Il progetto, nato nel giugno 2009, coinvolge molte istituzioni di ricerca europee e americane, e ha ricevuto importanti finanziamenti dal National Institute of Health degli Stati Uniti. L’idea è creare un database ricchissimo – si parla di 1200 volontari – che fornisca un campione significativo di connettomi. HCP è un’impresa collettiva gestita da due poli principali: uno fa capo alla Washington University di St Louis e all’Università del Minnesota, e l’altro al Massachussetts General Hospital e all’Università della California di Los Angeles.

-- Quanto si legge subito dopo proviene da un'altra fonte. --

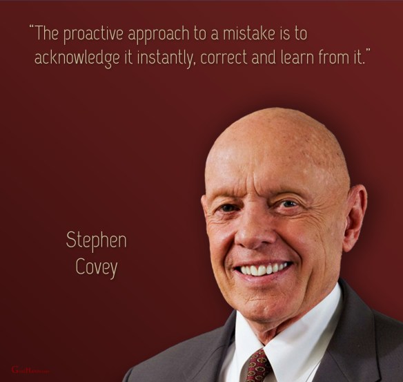 Success Quote – July 28, 2017 Posted on July 28, 2017 by Paul Mark Sutherland “The proactive approach to a mistake is to acknowledge it instantly, correct and learn from it.” –Stephen Covey __________________________ Enjoy today. Achieve today. Tomorrow is promised to no one! original graphic credit: unknown Share this: Click to share on Facebook (Opens in new window) Facebook Click to share on X (Opens in new window) X Click to share on LinkedIn (Opens in new window) LinkedIn Click to share on Pinterest (Opens in new window) Pinterest Click to share on Reddit (Opens in new window) Reddit Click to email a link to a friend (Opens in new window) Email More Click to print (Opens in new window) Print Like Loading...
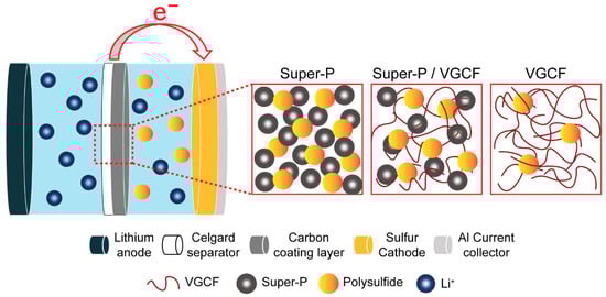 Sulfur (100 mesh, Sigma–Aldrich, St. Louis, MO, USA), Ketjenblack (Ketjenblack®EC-600JD, AkzoNobel, Amsterdam, Netherlands), poly(vinylidene fluoride) (PVdF, KF-1300, Kureha, Iwaki, Japan, Mw = 350000), vapor-grown carbon fibers (VGCFs, Showa Denko K.K, Tokyo, Japan), Super-P (Li-conductive) (IMERYS, Paris, France), poly(vinylidene fluoride-co-hexafluoropropylene) (PVdF-HFP, Kynar Flex® 2801, Arkema Inc., Colombes, France), N-methyl-2-pyrrolidone (NMP, Sigma–Aldrich), 1,3-dioxolane (DOL, Sigma–Aldrich, St. Louis, MO, USA), 1,2-dimethoxyethane (DME, Sigma–Aldrich, St. Louis, MO, USA), LiTFSI (Enchem, Jecheon, Korea), Li metal foil (thickness = 200 µm, Honjo Metal Co., Osaka, Japan), and polypropylene (PP) separators (thickness = 25 μm, Celgard 2400, Celgard®, Charlotte, NC, USA) were used as separators.

Ma la ricerca non si limita a studiare la morfologia del connettoma: al centro dell’attenzione c’è anche la sua relazione con la nostra identità. Il primo a incuriosire l’opinione pubblica sui legami tra circuiti cerebrali e personalità è stato Sebastian Seung, professore di neuroscienze computazionali al MIT e autore di Connectome: How the Brain’s Wiring Makes Us Who We Are, con le parole “Io sono il mio connettoma”. Che relazione esiste tra il connettoma e il carattere di ognuno di noi? Com’è fatto il connettoma di una persona in salute? E come cambia quando apprende qualcosa, quando si ammala, quando invecchia? Per rispondere a queste domande, le informazioni diagnostiche di ogni partecipante all’indagine sono accompagnate da molti dati sulla sua personalità, ottenuti attraverso una serie di test comportamentali. Per scoprire che ruolo ha la genetica e quanto le caratteristiche del connettoma siano ereditarie, tra i volontari selezionati ci sono anche coppie di fratelli e coppie di gemelli.[one_fourth last=”no”]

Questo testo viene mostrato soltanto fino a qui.